Only the lines from the beginning of the listing below through the line with "フェイスカバー全開時のロック機構は NEOTEC II" belong in the answer; please print them exactly and drop the pictures.

(Supplied records Opens)

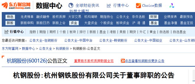 3月12日,杭鋼股份發布了《杭州鋼鐵股份有限公司關于董事辭職的公告》(以下簡稱《公告》)。
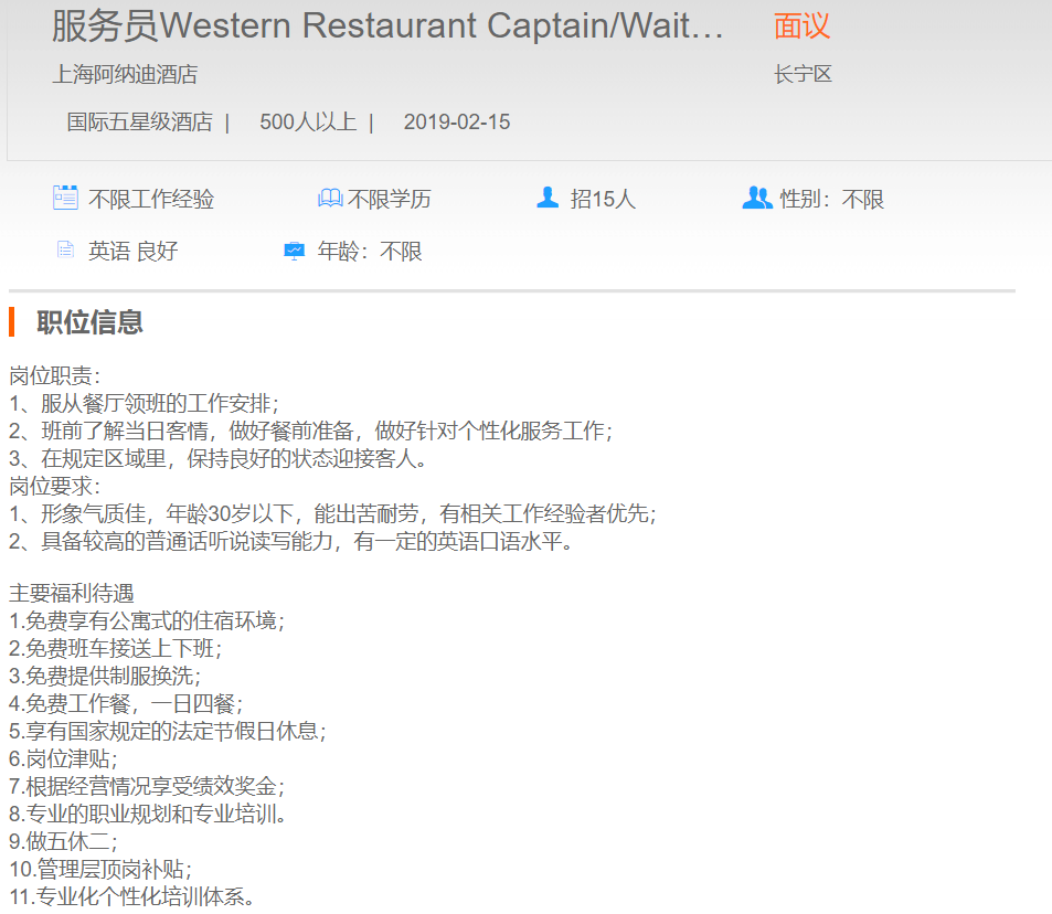 上海阿纳迪酒店服务员
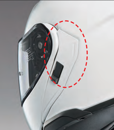 フェイスカバー全開時のロック機構は NEOTEC II より継承し、2段階でフェイスカバーを固定します。1段階目はヘルメット着脱時等に適し、2 段階目はヘルメットを被ったまま作業等を行ってもフェイスカバーが閉じない強い保持力を発揮。パーツを追加することなくフェイスカバーベースの構造によって実現しているため、パーツの増加による重量増を防ぎつつ機能性を高めたロック機構です。
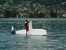 In yacht sailing, multihulls are deemed to be more prone to turtling than keeled monohulls, and there is essentially no way to right them if they overturn. The juxtaposition of the hulls and sail when turtled—it makes them inherently stable when inverted—makes them especially resistant to righting.[6][23] Consequently, some larger multihulls are built with a turtle emergency escape hatch beneath the hull. Indeed, some locales require such safety hatches.[28] There are, however, those who feel that the likelihood of a capsize of a large multihull is overrated.[29][30] There are others who state that a self-righting multihull is the answer, along with designing in safety and proper operation.[28] A patent has been issued specifically concerning righting of turtled large multihulls.[31] It is intended to avoid the necessity to use divers and special equipment in a recovery.[31]
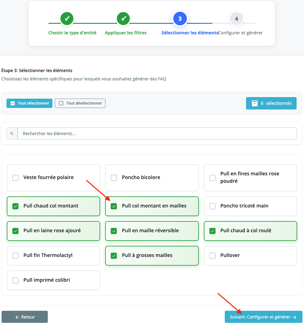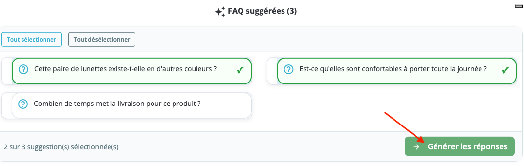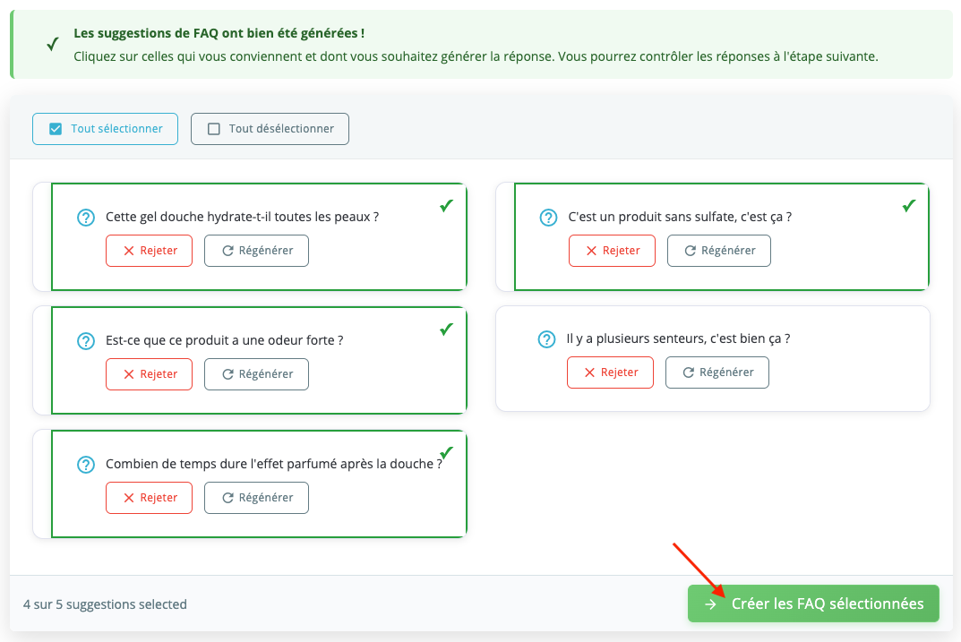 Désélectionnez celles qui ne vous conviennent pas. Laissez sélectionnées uniquement celles pour lesquelles vous voulez générer une réponse. Vous pourrez contrôler les réponses, et les modifier si besoin, à l'étape suivante. Cliquez sur "Créer les FAQ sélectionnées".
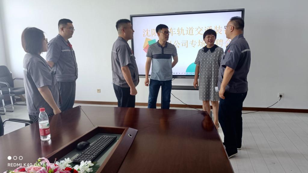 2023年7月12日上午,沈阳中车轨道交通装备有限公司在轨道交通工程系712会议室举办专场招聘会,公司常博文部长一行四人参加招聘。
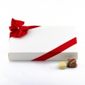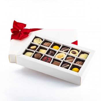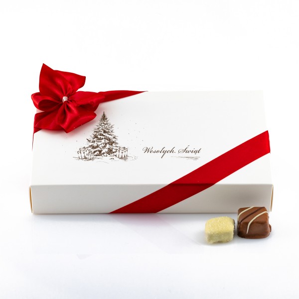 W stylowym białym pudełku z subtelnym grawerem choinki i napisem „Wesołych Świąt”, ozdobionym czerwoną wstążką z kokardą, kryje się 18 ręcznie robionych pralin w różnych smakach i kształtach.
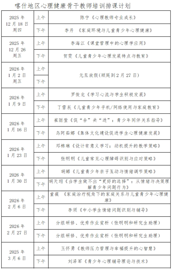 从线上云端的精准对接,到线下一线的沉浸式研修;从集中培训的知识赋能,到长效反馈的跟踪提升,本次援疆培训不仅为喀什地区四县心理健康教育骨干教师筑牢了能力根基,更凝聚起两地携手推进教育援疆、守护青少年身心健康的强大合力。这场温暖而有力量的“心”育之旅,既是落实党建引领、深化对口援疆工作的具体实践,更是推动优质教育资源均衡配置、促进民族地区教育事业高质量发展的生动体现。未来,心理学院将持续深化联动、久久为功,让育人“心”灯持续点亮,以专业力量护航民族地区青少年健康成长,以实际行动践行教育援疆使命担当。
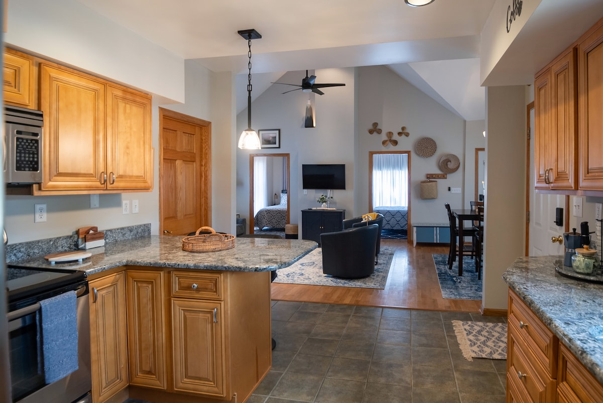 Gorgeous, open concept Main Street apartment on 3rd level, with views of downtown and partial views of the lake and harbor. New mini kitchen with 2 induction stove top burners, a microwave, toaster, and all the cookware and utensils needed for a getaway. Supersize custom island, comfy furnishings, and convenient to everything downtown. Unique building is connected to parking garage. Drive up to the 3rd floor - walk just 10 steps to your door - enjoy the views from above, without the climb.
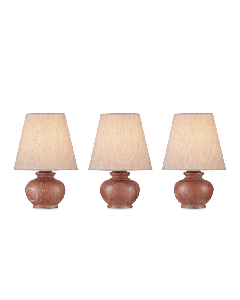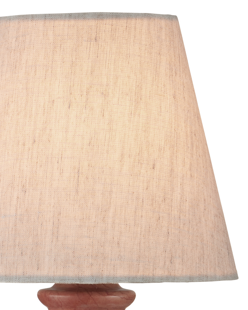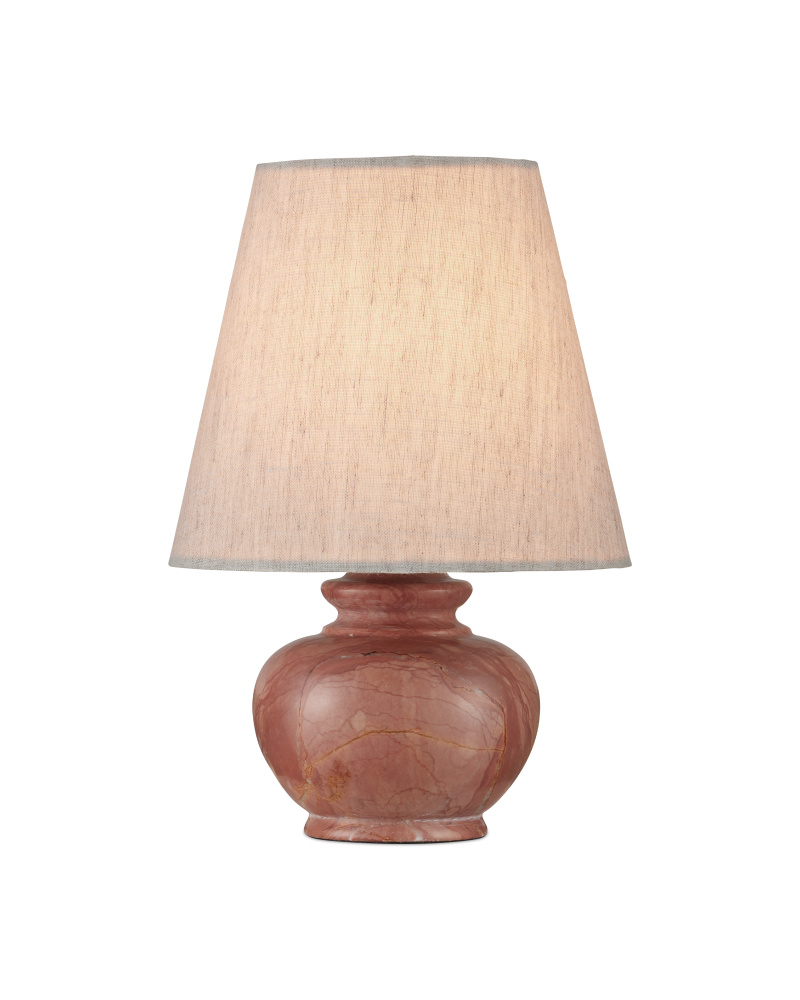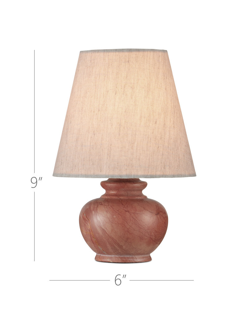 The Piccolo Pink Mini Table Lamp is a very petite lamp made of Rosa Cappuccino marble that was modeled after a vintage design. At only 4.5 inches high to the shade, it fits into most tight spots like bookcases, though the beauty of the natural material will make it a standout in more commanding decorative arrangements. Because the marble is a stone, no two lamps will be exactly alike. The Piccolo is fitted with an off-white linen shade.
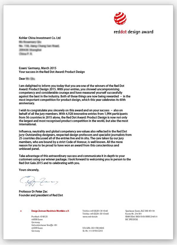 2015年,科勒憑四款廚衛產品雙獎傍身,其中清舒寶智能坐便蓋Bidet seat C3-150榮獲iF設計獎,柏詩Composed、艾非Avid榮獲紅點獎,進一步展現了科勒在工藝設計上的不斷創新、追求^,以及^廚衛潮流的品牌實力。
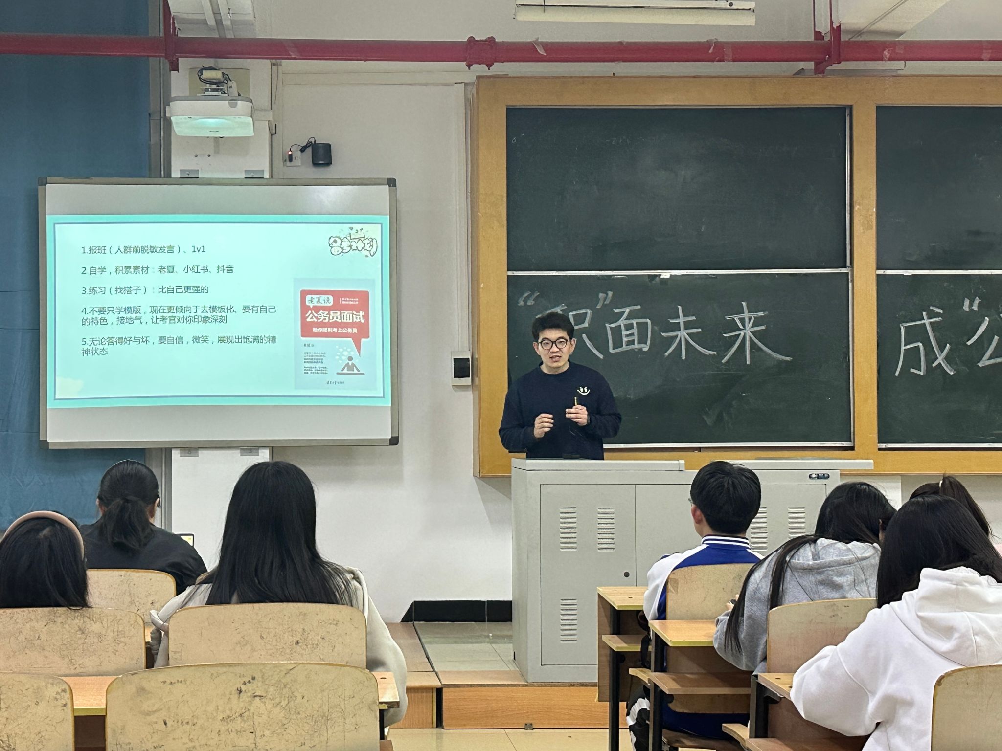 为助力同学们在考公考编之路上精准发力,提高备考效率,公司于4月18日下午18:30在南区5409教室举办了“‘职’面未来,成‘公’上岸”考公考编宣讲会。本次宣讲会邀请了公司成功上岸的优秀毕业生冀定斌和2106班许晴为同学们做经验分享。
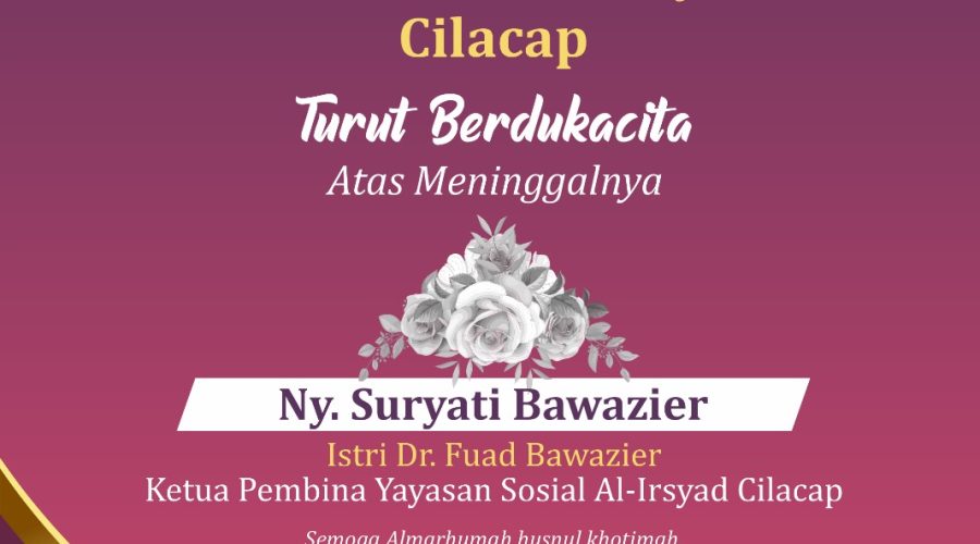 Innaa Lillahhi Wa Innaa Ilaihi Rooji`un Rektor dan Segenap Civitas Akademika Universitas Al-Irsyad Cilacap turut berdukacita atas meninggalnya: Ny. Suryati Bawazier Istri dari Dr. Fuad Bawazier Ketua Pembina Yayasan Sosial Al-Irsyad Cilacap Semoga almarhumah husnul khotimah, diampuni segala dosanya, diterima amal ibadahnya dan ditempatkan di Surganya Allah Subhanahuwata’ala. Keluarga yang ditinggalkan diberikan kesabaran, keikhlasan dan...

(Supplied records Closes)

#### Response box:
 3月12日,杭鋼股份發布了《杭州鋼鐵股份有限公司關于董事辭職的公告》(以下簡稱《公告》)。
 上海阿纳迪酒店服务员
 フェイスカバー全開時のロック機構は NEOTEC II より継承し、2段階でフェイスカバーを固定します。1段階目はヘルメット着脱時等に適し、2 段階目はヘルメットを被ったまま作業等を行ってもフェイスカバーが閉じない強い保持力を発揮。パーツを追加することなくフェイスカバーベースの構造によって実現しているため、パーツの増加による重量増を防ぎつつ機能性を高めたロック機構です。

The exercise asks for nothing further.